#### DATA
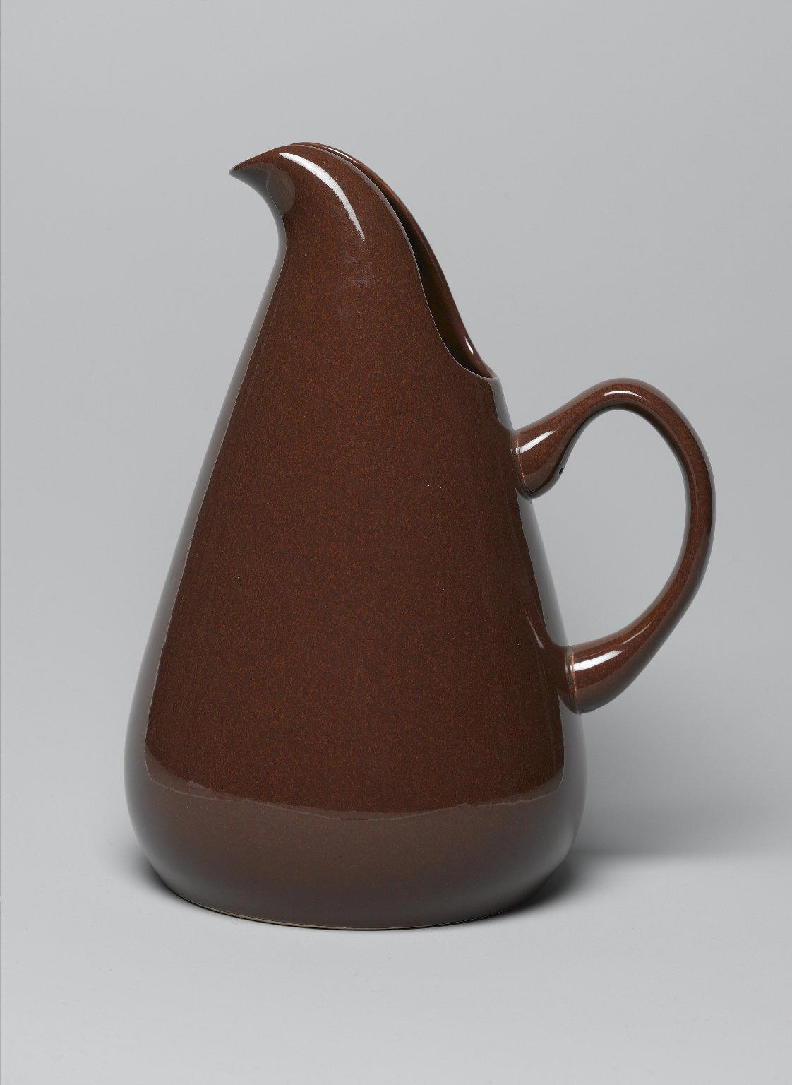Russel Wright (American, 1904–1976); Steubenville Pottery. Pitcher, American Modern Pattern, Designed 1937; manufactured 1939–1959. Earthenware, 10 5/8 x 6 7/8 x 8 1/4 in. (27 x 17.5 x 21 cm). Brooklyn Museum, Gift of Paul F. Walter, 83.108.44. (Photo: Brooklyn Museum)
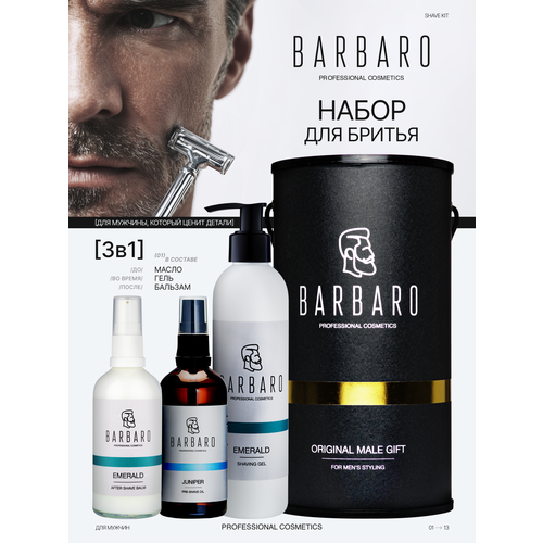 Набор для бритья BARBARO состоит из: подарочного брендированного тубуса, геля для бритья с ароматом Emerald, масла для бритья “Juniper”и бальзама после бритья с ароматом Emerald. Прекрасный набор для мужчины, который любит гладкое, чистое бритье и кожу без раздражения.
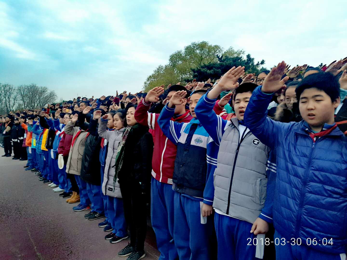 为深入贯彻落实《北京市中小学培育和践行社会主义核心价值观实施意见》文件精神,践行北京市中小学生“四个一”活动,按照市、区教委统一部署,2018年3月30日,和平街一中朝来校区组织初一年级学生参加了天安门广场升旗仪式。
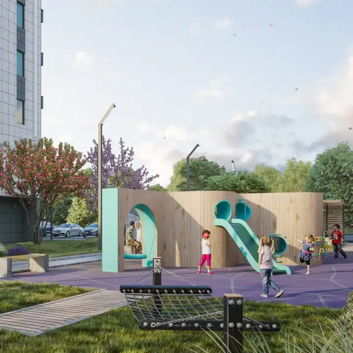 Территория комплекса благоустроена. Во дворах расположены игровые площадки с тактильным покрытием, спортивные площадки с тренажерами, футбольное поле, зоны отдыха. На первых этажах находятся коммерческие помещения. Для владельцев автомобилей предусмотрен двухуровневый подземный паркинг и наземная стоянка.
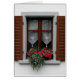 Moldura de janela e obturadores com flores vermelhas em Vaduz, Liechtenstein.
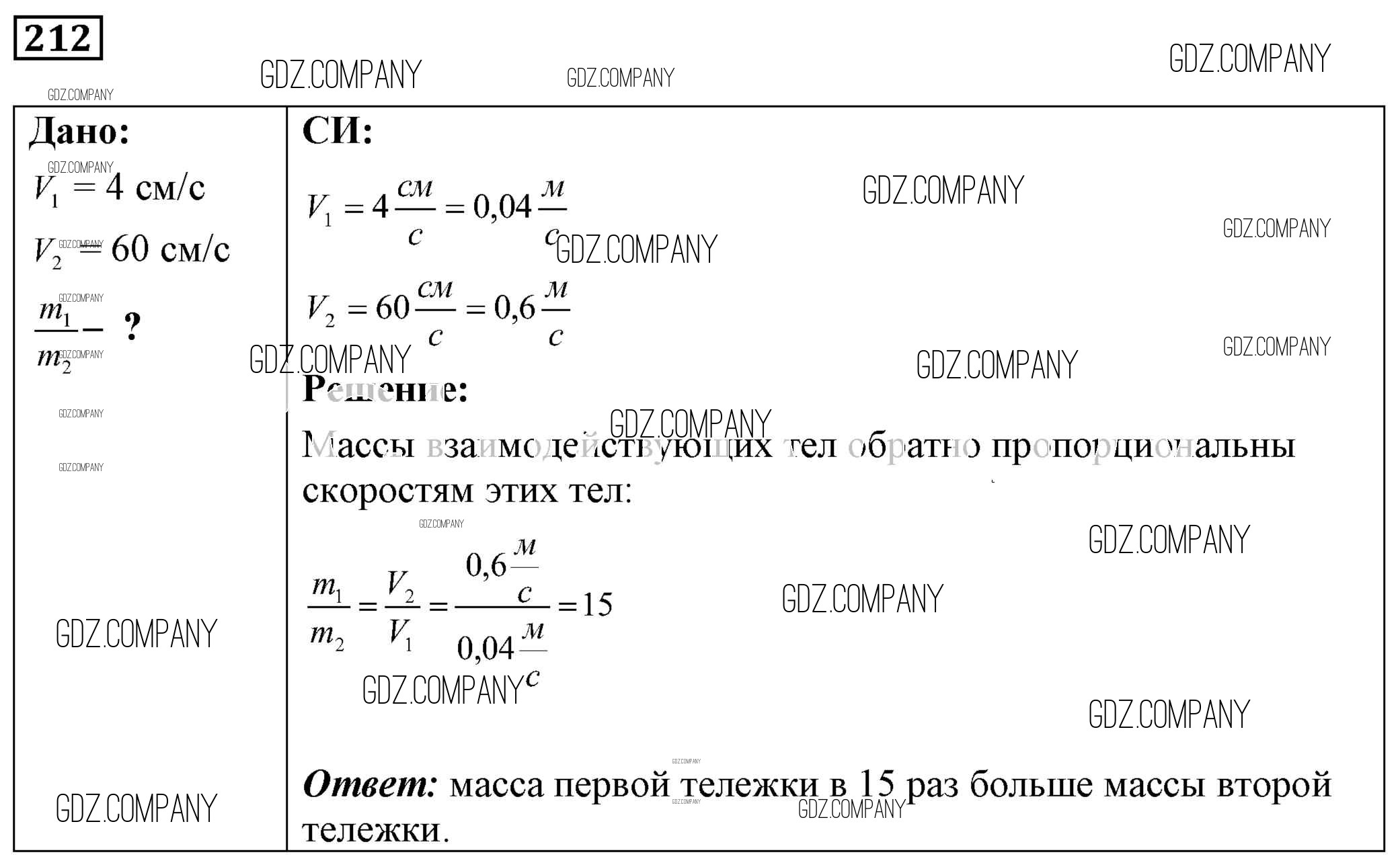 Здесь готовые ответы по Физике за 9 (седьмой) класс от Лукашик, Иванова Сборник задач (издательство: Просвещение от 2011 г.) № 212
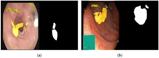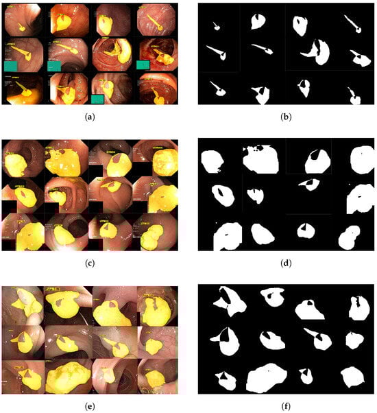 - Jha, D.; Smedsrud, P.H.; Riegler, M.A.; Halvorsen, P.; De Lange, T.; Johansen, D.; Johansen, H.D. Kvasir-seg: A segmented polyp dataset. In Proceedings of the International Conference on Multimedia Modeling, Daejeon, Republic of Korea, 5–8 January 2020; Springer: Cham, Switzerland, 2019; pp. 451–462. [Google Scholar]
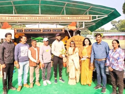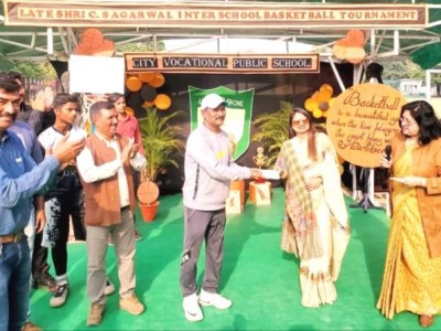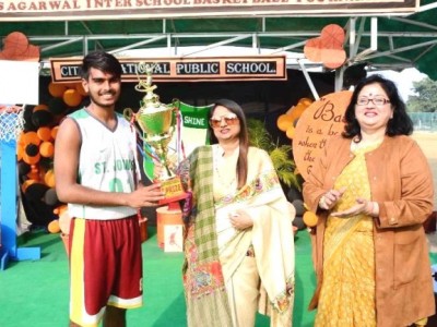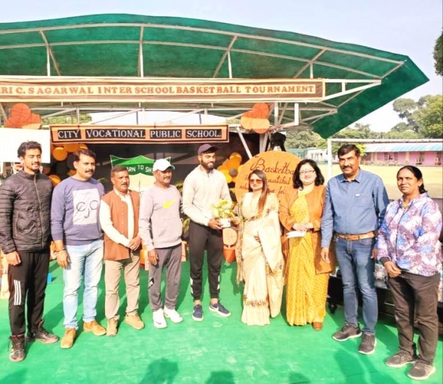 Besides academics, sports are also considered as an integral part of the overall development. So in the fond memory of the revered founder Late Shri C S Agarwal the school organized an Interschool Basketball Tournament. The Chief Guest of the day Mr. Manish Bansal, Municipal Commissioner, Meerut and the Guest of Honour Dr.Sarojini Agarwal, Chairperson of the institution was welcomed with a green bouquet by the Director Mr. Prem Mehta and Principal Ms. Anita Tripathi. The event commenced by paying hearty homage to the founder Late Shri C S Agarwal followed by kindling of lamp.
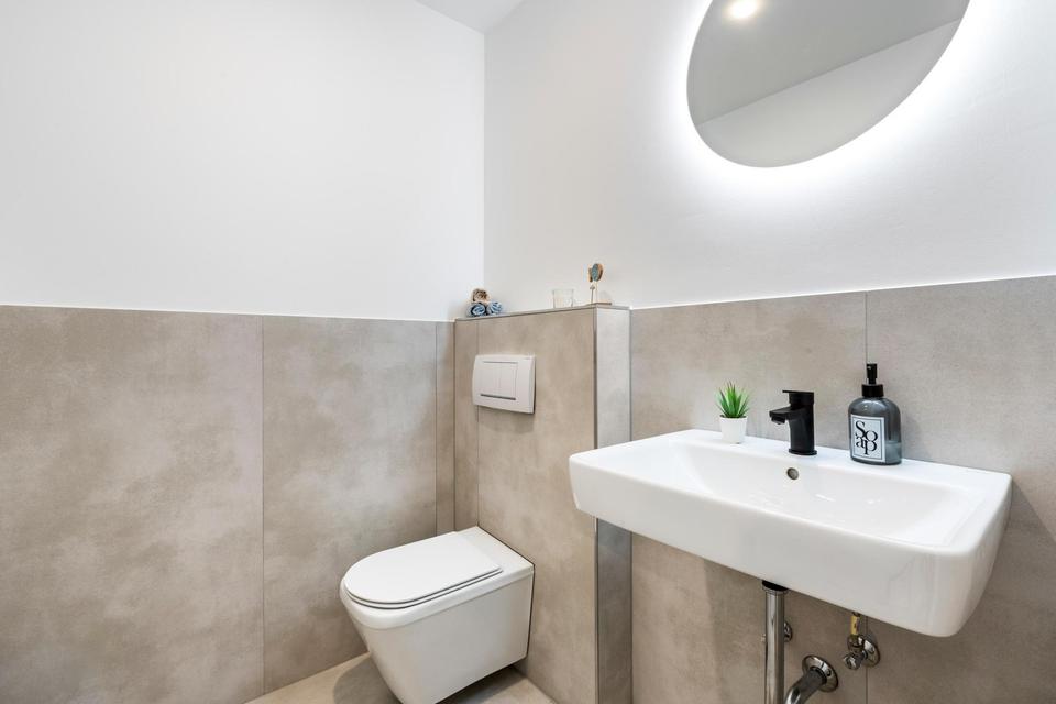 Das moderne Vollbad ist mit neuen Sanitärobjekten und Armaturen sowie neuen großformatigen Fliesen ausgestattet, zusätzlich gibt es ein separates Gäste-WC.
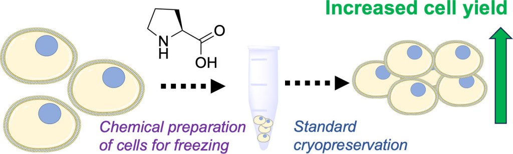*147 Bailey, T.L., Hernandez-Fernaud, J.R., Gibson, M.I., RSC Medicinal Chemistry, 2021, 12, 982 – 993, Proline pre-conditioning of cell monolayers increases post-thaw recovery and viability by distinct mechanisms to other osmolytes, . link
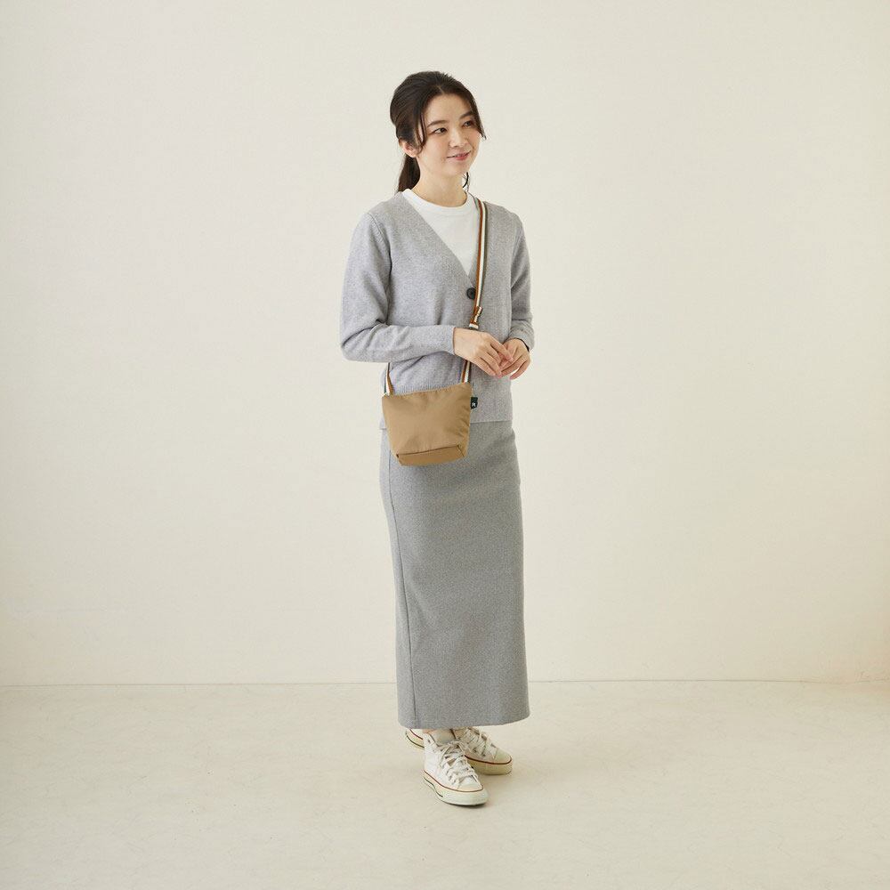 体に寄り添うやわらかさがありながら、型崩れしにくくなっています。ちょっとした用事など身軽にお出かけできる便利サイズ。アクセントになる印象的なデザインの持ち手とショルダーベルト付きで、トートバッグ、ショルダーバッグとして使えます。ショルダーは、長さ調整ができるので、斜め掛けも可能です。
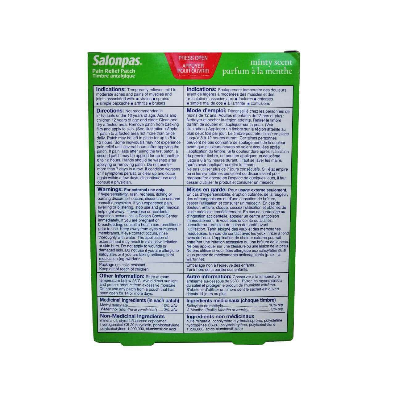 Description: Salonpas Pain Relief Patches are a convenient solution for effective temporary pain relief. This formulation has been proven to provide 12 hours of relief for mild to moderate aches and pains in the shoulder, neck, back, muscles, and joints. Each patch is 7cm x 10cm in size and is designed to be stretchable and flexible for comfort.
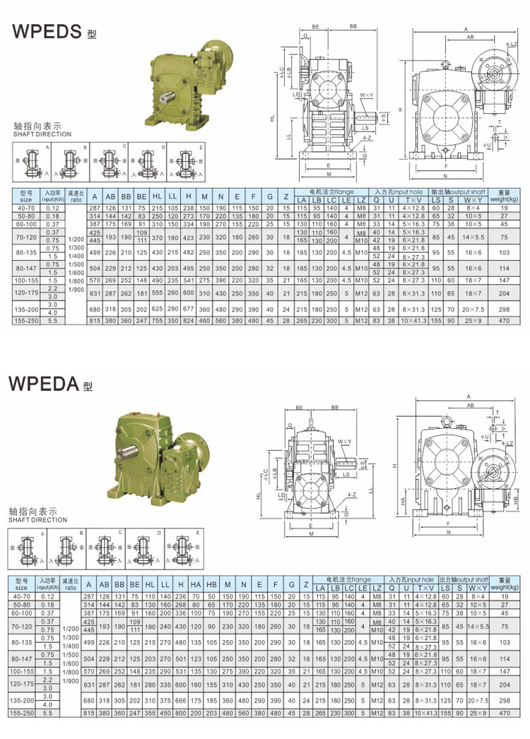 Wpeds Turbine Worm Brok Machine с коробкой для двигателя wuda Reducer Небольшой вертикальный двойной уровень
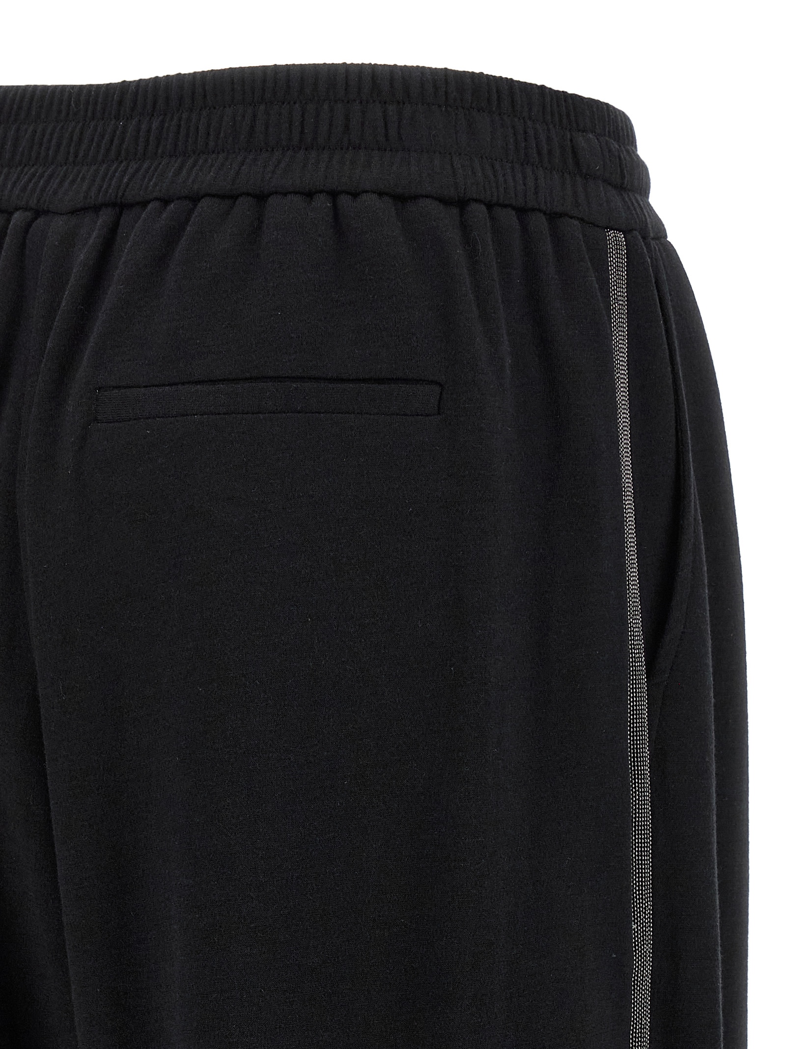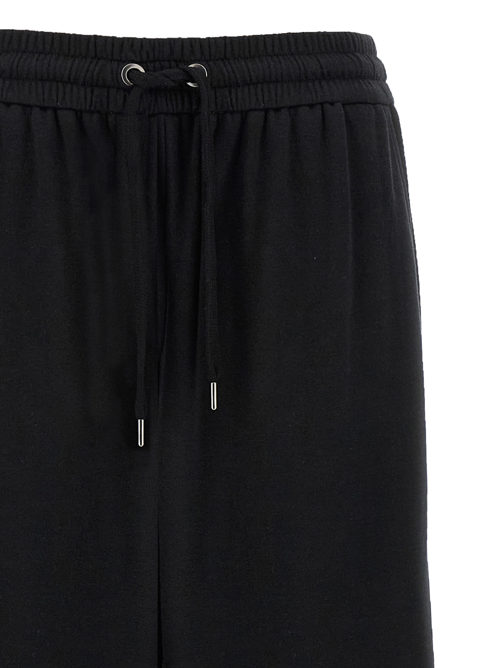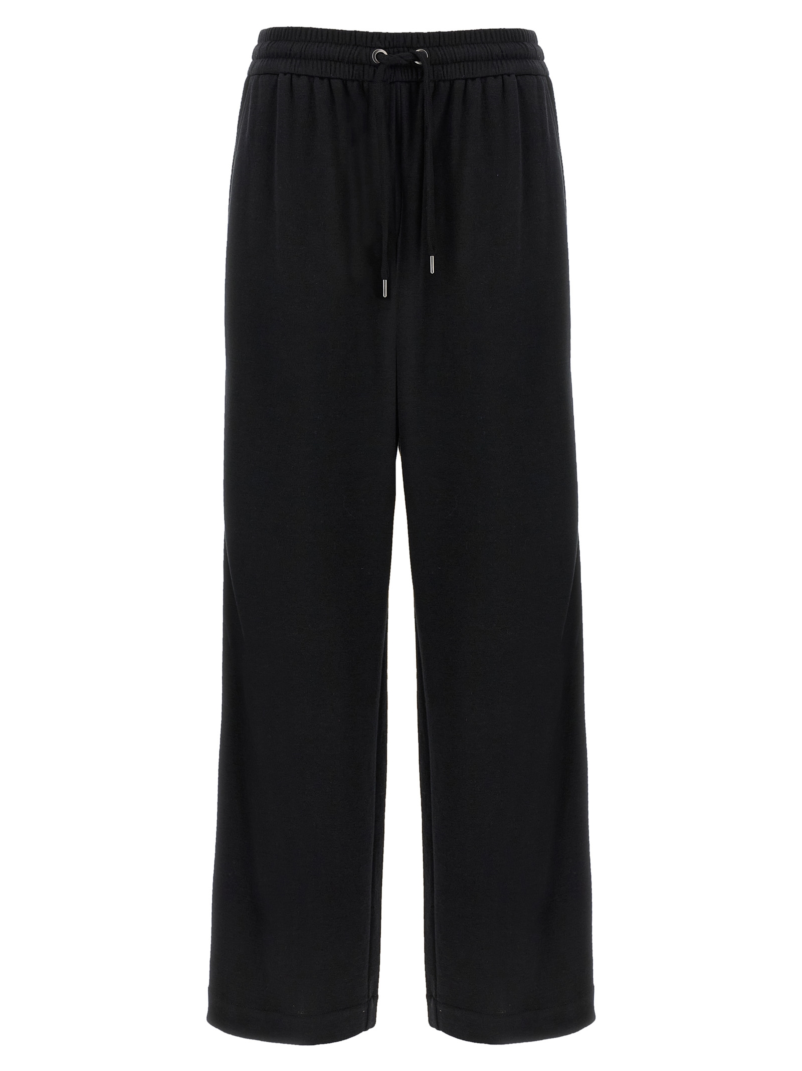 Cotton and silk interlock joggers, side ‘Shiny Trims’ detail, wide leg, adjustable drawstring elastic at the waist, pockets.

#### TASK ITEM
Counting both ends, reproduce word for word the lines from the line with "Besides academics, sports" to the final line of the listing above, skipping every picture.

#### PROBLEM SOLUTION
 Besides academics, sports are also considered as an integral part of the overall development. So in the fond memory of the revered founder Late Shri C S Agarwal the school organized an Interschool Basketball Tournament. The Chief Guest of the day Mr. Manish Bansal, Municipal Commissioner, Meerut and the Guest of Honour Dr.Sarojini Agarwal, Chairperson of the institution was welcomed with a green bouquet by the Director Mr. Prem Mehta and Principal Ms. Anita Tripathi. The event commenced by paying hearty homage to the founder Late Shri C S Agarwal followed by kindling of lamp.
 Das moderne Vollbad ist mit neuen Sanitärobjekten und Armaturen sowie neuen großformatigen Fliesen ausgestattet, zusätzlich gibt es ein separates Gäste-WC.
*147 Bailey, T.L., Hernandez-Fernaud, J.R., Gibson, M.I., RSC Medicinal Chemistry, 2021, 12, 982 – 993, Proline pre-conditioning of cell monolayers increases post-thaw recovery and viability by distinct mechanisms to other osmolytes, . link
 体に寄り添うやわらかさがありながら、型崩れしにくくなっています。ちょっとした用事など身軽にお出かけできる便利サイズ。アクセントになる印象的なデザインの持ち手とショルダーベルト付きで、トートバッグ、ショルダーバッグとして使えます。ショルダーは、長さ調整ができるので、斜め掛けも可能です。
 Description: Salonpas Pain Relief Patches are a convenient solution for effective temporary pain relief. This formulation has been proven to provide 12 hours of relief for mild to moderate aches and pains in the shoulder, neck, back, muscles, and joints. Each patch is 7cm x 10cm in size and is designed to be stretchable and flexible for comfort.
 Wpeds Turbine Worm Brok Machine с коробкой для двигателя wuda Reducer Небольшой вертикальный двойной уровень
 Cotton and silk interlock joggers, side ‘Shiny Trims’ detail, wide leg, adjustable drawstring elastic at the waist, pockets.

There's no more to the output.